Ascolto, presenza, informazione, servizio e socialità : siamo giunti alla fine di un percorso per utilizzare con intelligenza Internet come strumento di marketing e stiamo per iniziarne un altro, quello che ci porta a progettare, realizzare e gestire una community online. Certo, la socialità è un punto d’arrivo in cui un’azienda può limitarsi a essere presente e pronta ad ascoltare e a rispondere: qualunque passo ulteriore dev’essere fatto tenendo presente le regole del gioco della socializzazione in rete, molto diverso da quelle della comunicazione di massa.
Sempre più aziende comunque sono pronte a mettersi in gioco entrando in relazione diretta e orizzontale con i propri clienti: usare i social media dà parecchie soddisfazioni sia in termini di risultati concreti che di finestre di nuove opportunità.
La socialità online si può vivere con piena spontaneità, limitandosi a raccogliere gli spunti offerti dalle community naturali e a intervenire se e quando opportuno o desiderato. Si può far evolvere la presenza aziendale anche solo raccogliendo gli spunti dei clienti, che possono esplicitamente richiedere un rapporto più caldo con le persone responsabili dei prodotti che usano.
In moltissimi casi però può essere consigliabile progettare un ambiente ad hoc in cui accogliere i propri clienti e far vivere loro online un’esperienza affine a quella dei propri prodotti. In questo caso è molto importante definire due aspetti: qual è l’oggetto socializzante intorno al quale aggregare le persone e a quale motivazione dei destinatari finali questo ambiente risponde. Si deve fare cioè esattamente il contrario di quanto si fa di solito, che è partire dagli obiettivi dei destinatari: più traffico, più pagine, più visite, più vendite.
Progettare e gestire una community puntando solo a raggiungere i propri obiettivi significa boicottare fin dall’inizio qualunque chance di successo: quello che conta è individuare e proporre la realizzazione degli obiettivi di chi la community dovrà frequentarla. Più questi obiettivi saranno realistici, caldi, ben comunicati e ben soddisfatti, più facile sarà raggiungere quelli per cui la community viene sviluppata. Bisogna in altri termini progettare un ambiente dove le persone, facendo quel più piace loro, fanno quel che più piace all’azienda.
Vitale da questo punto di vista la definizione dell’oggetto socializzante, cioè quell’elemento caldo e passionale in cui le persone si riconoscono e sentono un legame con gli altri che ci si riconoscono. Alcuni prodotti sono oggetti socializzanti naturali, perché scatenano passioni forti e grandi desideri: alcune automobili, alcuni marchi tecnologici, molti stilisti, sicuramente tanti prodotti dell’industria culturale come autori, cantanti o film.
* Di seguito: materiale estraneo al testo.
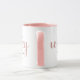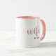 Taza de Café de Esposa del Año de Establecimiento Personalizable en una fuente de escritura, perfecta como regalo de bodas o aniversario para parejas. Aquí en un tono rosa y blanco.

In altri casi il prodotto di per sé è freddo e poco caratterizzato: in questo caso la definizione dell’oggetto socializzante richiede solo un po’ di fantasia in più. Per uno spazzolino da denti potremo creare la community del sorriso, per un divano quella dei pigri, per una pentola quello degli appassionati di cucina, per un telefonino quella dei chiacchieroni, e così via.
Una volta individuato e descritto, l’oggetto socializzante va declinato in un concept editoriale, che immagina e racconta ciò che le persone appassionate di questo particolare “oggetto” vorranno fare, dire, sapere, condividere. Questi passaggi sono preliminari al progetto tecnologico, che è l’equivalente di un mezzo di trasporto: prima ancora di decidere quali strumenti usare è indispensabile definire il “community mix” di possibili storie da vivere. Un po’ come gli elementi del racconto, che pur essendo finiti danno vita a infinite combinazioni: questa metodologia ci permette di sviluppare community molto diverse tra di loro pur avendo a disposizione sempre gli stessi strumenti.